RECORD EXCERPTS Start Marker

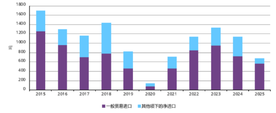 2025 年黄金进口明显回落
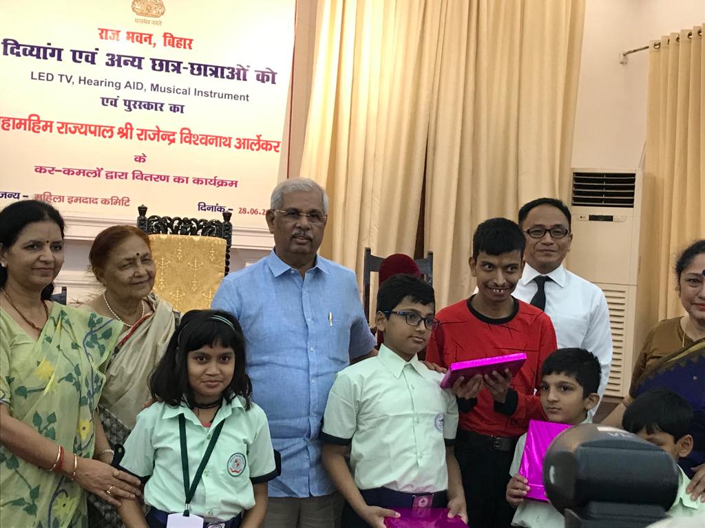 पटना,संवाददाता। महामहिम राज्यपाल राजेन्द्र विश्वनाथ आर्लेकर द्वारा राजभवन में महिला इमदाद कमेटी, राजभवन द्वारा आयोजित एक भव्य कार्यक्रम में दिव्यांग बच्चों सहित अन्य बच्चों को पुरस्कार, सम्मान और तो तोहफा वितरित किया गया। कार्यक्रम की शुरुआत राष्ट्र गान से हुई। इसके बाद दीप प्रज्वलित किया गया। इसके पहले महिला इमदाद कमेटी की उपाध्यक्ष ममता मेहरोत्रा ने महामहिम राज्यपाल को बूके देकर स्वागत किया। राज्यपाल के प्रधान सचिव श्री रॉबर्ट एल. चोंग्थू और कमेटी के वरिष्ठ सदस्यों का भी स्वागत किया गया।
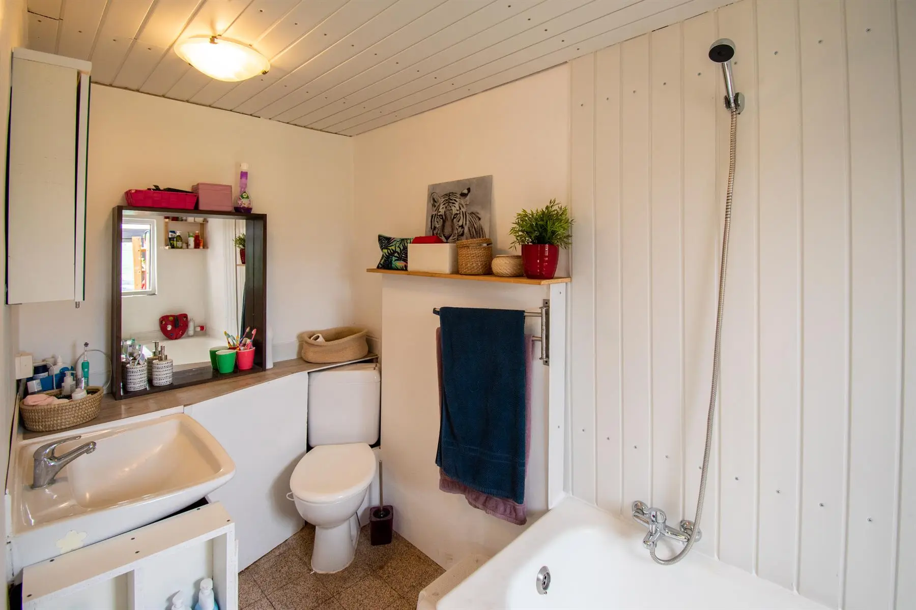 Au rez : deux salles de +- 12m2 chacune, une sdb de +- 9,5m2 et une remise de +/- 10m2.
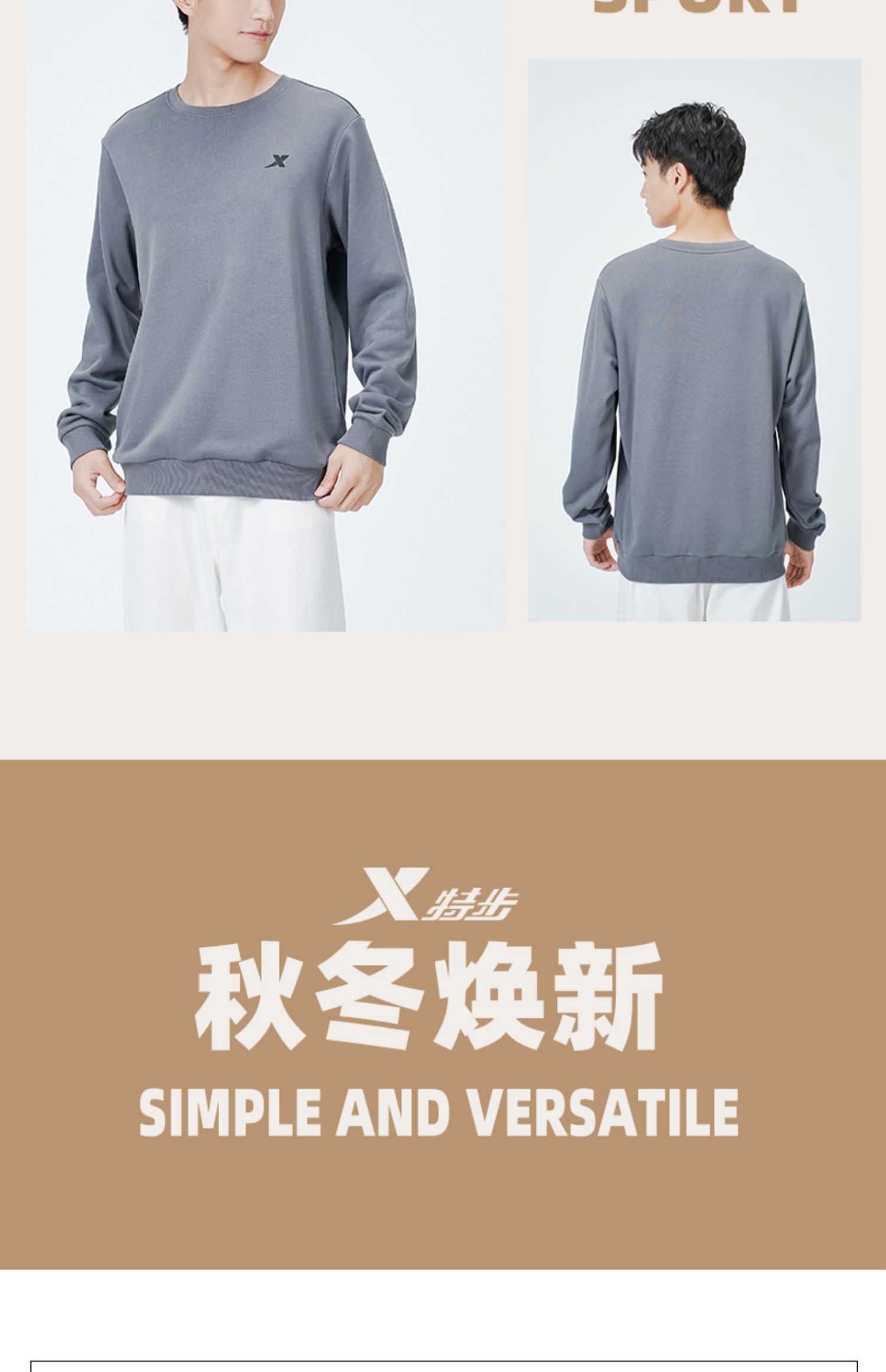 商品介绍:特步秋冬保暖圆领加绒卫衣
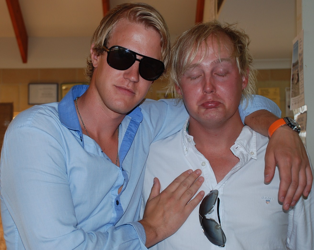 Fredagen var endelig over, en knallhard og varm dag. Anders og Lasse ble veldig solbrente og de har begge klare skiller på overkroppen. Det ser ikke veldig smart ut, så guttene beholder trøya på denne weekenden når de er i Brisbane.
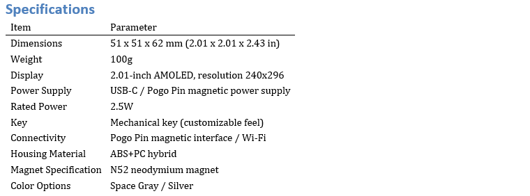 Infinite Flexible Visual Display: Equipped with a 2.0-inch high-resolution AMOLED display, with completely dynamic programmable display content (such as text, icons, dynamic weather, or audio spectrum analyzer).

RECORD EXCERPTS End Marker

## TASK DETAILS
Copy exactly the lines from the line containing "Fredagen var endelig" through the last line of the records above, both included, and leave out any pictures.

## EXERCISE OUTPUT
 Fredagen var endelig over, en knallhard og varm dag. Anders og Lasse ble veldig solbrente og de har begge klare skiller på overkroppen. Det ser ikke veldig smart ut, så guttene beholder trøya på denne weekenden når de er i Brisbane.
 Infinite Flexible Visual Display: Equipped with a 2.0-inch high-resolution AMOLED display, with completely dynamic programmable display content (such as text, icons, dynamic weather, or audio spectrum analyzer).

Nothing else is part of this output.